Segitiga Bermuda

13.1K 1.6K 110
                                    

Aku menatap pada cangkir tehku yang masih terisi penuh dan tak tersentuh. Sebagai penikmat teh karena lambungku tak bisa terkena kafein, biasanya aku merasa tenang berada di tempat seperti ini.

Restoran ini menyediakan tempat yang tenang juga begitu privasi. Aku tak akan heran melihat harga satu makanannya hampir sama dengan pengeluaran permingguku saat dulu masih menjadi sekretaris Baskara.

Sekarang, sejak menjadi kekasihnya, aku dipindahkan menjadi manager keuangan perusahaannya. Jabatan yang mudah aku dapatkan karena aku sudah bersedia menjadi simpanan lelaki itu.

Tapi, Baskara mengatakan jabatan ini memang pantas aku dapatkan, melewati beberapa tes dan berkas aku memang lulus.

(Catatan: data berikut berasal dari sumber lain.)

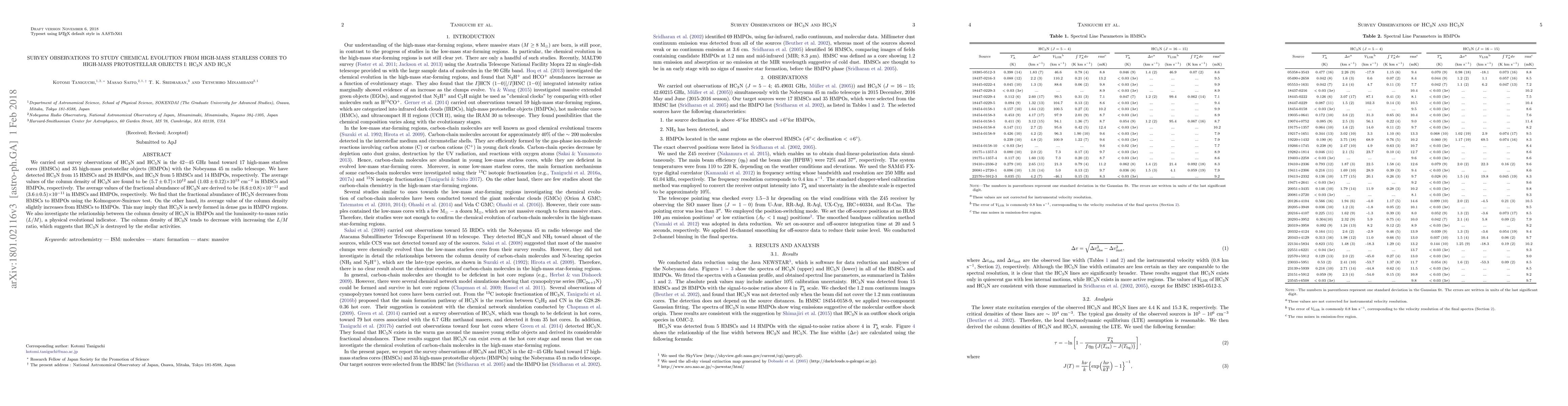 Researchers detected HC3N and HC5N in high-mass star-forming regions, finding that HC3N's abundance decreases as stars form, while its column density slightly increases, suggesting it may be newly formed.

Banyak orang yang mengatakan juga kalau kepintaranku tak seharusnya berputar sebagai sekretaris. Jabatan seorang manager memang layak untuk aku sandang.

Sayang sekali, aku tak percaya. Dan seharusnya mereka juga tak percaya pada itu. Karena jabatan ini memang bersamaan dengan aku resmi menjadi kekasih gelap Baskara.

Kehidupan yang nyaman dan tentram berubah drastis. Seakan tiap hari aku bisa merasakan apa itu namanya hujan uang. Baskara tentu saja bukan tipe kekasih pelit. Ia senang memanjakanku dengan kemewahan.

Awal kami menjalin hubungan, aku hanya mau menerima barang-barang kecil yang tak mahal. Baskara tentu saja gemas karena baginya, aku cukup menurut dengan barang yang ia kasih. Bukan protes setiap aku mencari tahu harga hadiah yang selalu ia berikan.

Aku bukannya jual mahal padanya. Apa lagi bertindak menutupi sifat matre. Aku hanya belum terbiasa dengan barang mewah yang tiba-tiba ada di dalam apartemen mungilku. Baskara bisa dengan mudah memberikan liontin seharga mobil pajero, dan besoknya membawa gelang bertaburan berlian seharga rumah. Sedangkan aku untuk melunasi apartemenku saja butuh empat tahun kerja menjadi sekretarisnya.

Dan semuanya tak mudah mendapati diriku dimanjakan dengan hartanya.

Karena aku menerima Baskara sebagai lelaki yang aku cintai apa adanya. Bukan sebagai Baskara atasanku yang memiliki harta melimpah.

Kian hari diiringi protesan Baskara soal aku menolak hadiah-hadiah mewahnya, aku jadi semakin tahu, kalau lelaki itu memiliki harga diri yang tinggi. Sekali aku menolak hadiahnya, dia akan membawakan hadiah lainnya sampai aku menerimanya. Pada akhirnya, aku hanya bisa pasrah dengan limpahan yang ia berikan.

Dan semakin lama, aku terbiasa pada hal itu. Toh, dia membelikan itu semua dengan uangnya. Aku tahu Baskara adalah pengusaha bersih. Dia tahu bermain bisnis dengan aman tanpa kelicikan untuk mengembangkan perusahaan.

Baskara lelaki pintar dan pekerja keras. Empat tahun mendampingi dan bertemu setiap hari, membuatku mengenal baik siapa Baskara.

Maka tak susah untuk membalas perasaannya dulu. Aku bisa jatuh cinta dengan mudah pada lelaki itu.

Mataku menatap kosong pada cincin bermata berlian biru yang merupakan hadiah ulang tahunku dari Baskara. Sejak Baskara marah karena aku mengeluh tentang menerima hujaman hadiah mewahnya, aku berhenti mencaritahu berapa harga setiap barangnya.

"Aku kasih kamu hadiah bukan artinya aku minta balasan hadiah yang setara. Aku kasih kamu hadiah karena aku suka apa yang aku lihat dan di dalam pikiranku kamu akan cantik sekali memakai hadiahku. Kalo kamu emang menghargainya, tolong terima aja."

Baskara mengatakan itu dengan raut muram. Dia baru saja pulang dari Austria dan langsung ke apartemenku tengah malam. Aku yakin ia bisa saja marah berteriak karena sudah sekian kalinya aku mengeluh tentang hadiah yang ia berikan. Tapi, lelaki itu hanya berkata pelan sambil menyandarkan tubuhnya di sofa.

"Maaf menunggu lama. Jujur aku tersesat masuk ke hotel ini."

Aku menoleh pada perempuan tinggi berbadan kurus yang memakai pakaian kasual namun feminim.